== Dataset content ==

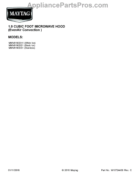Parts for Maytag MMV6190DS1: 01 - Cover Sheet Parts
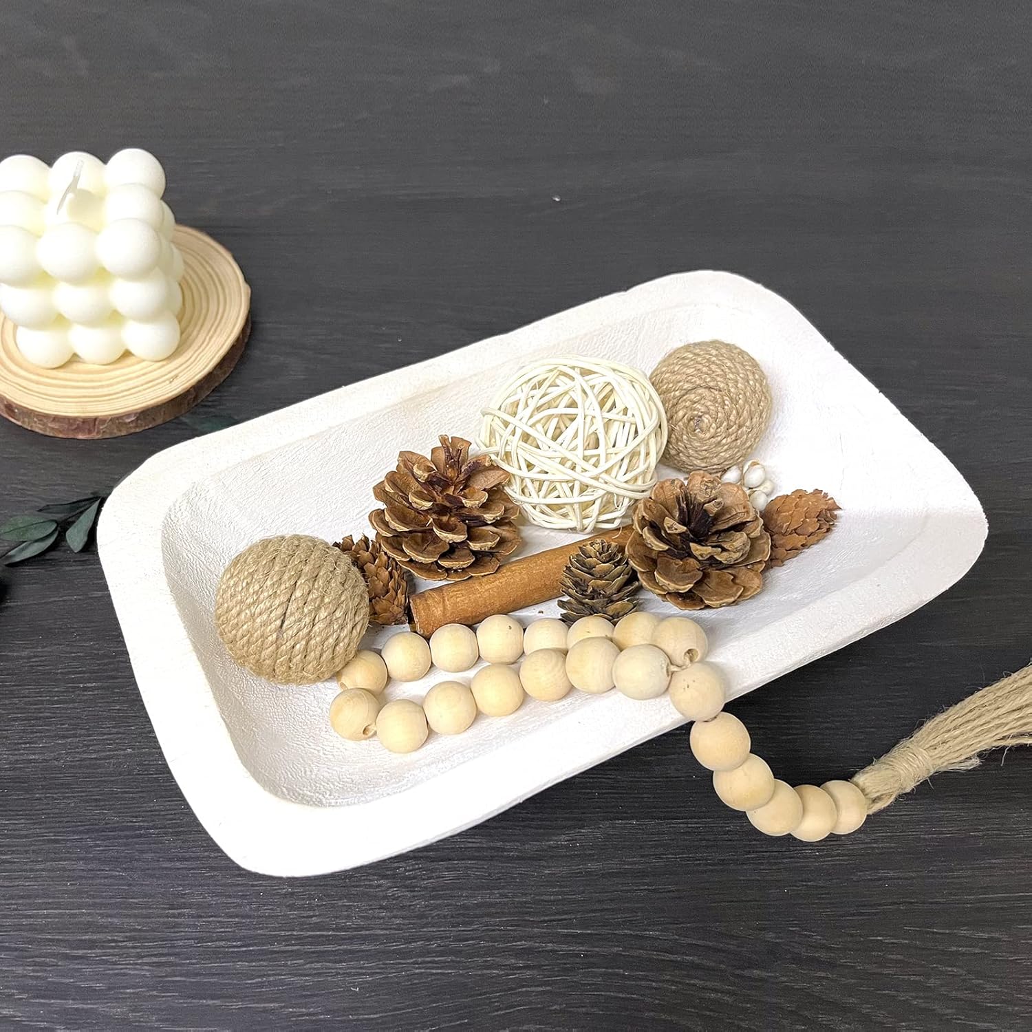 Wooden Dough Bowl Decor, Vintage Wooden Bowl Hand Carved Home Decor for Dining Table Center, Living Room, Kitchen Decor. (10inch white)
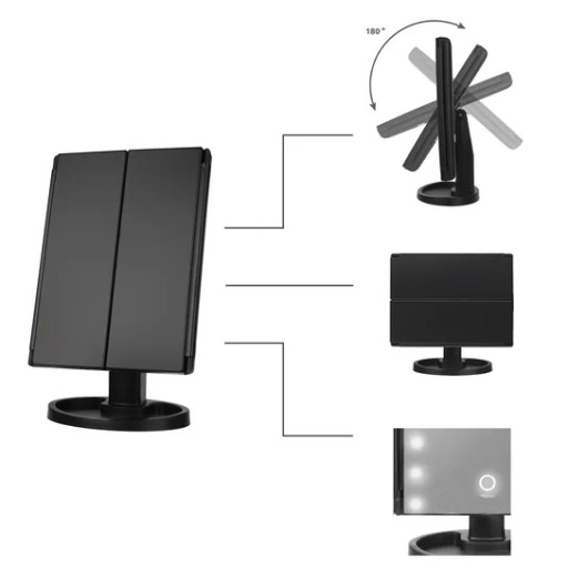 LUSTERKO KOSMETYCZNE PODŚWIETLANE ROZKŁADANE LED DO MAKIJAŻU POWIĘKSZAJĄCE

===

**Required action**
Quote, please, only the lines running from the one with "Wooden Dough Bowl" down to the final line of the data above, keeping both ends and skipping the pictures.

**Output below**
 Wooden Dough Bowl Decor, Vintage Wooden Bowl Hand Carved Home Decor for Dining Table Center, Living Room, Kitchen Decor. (10inch white)
 LUSTERKO KOSMETYCZNE PODŚWIETLANE ROZKŁADANE LED DO MAKIJAŻU POWIĘKSZAJĄCE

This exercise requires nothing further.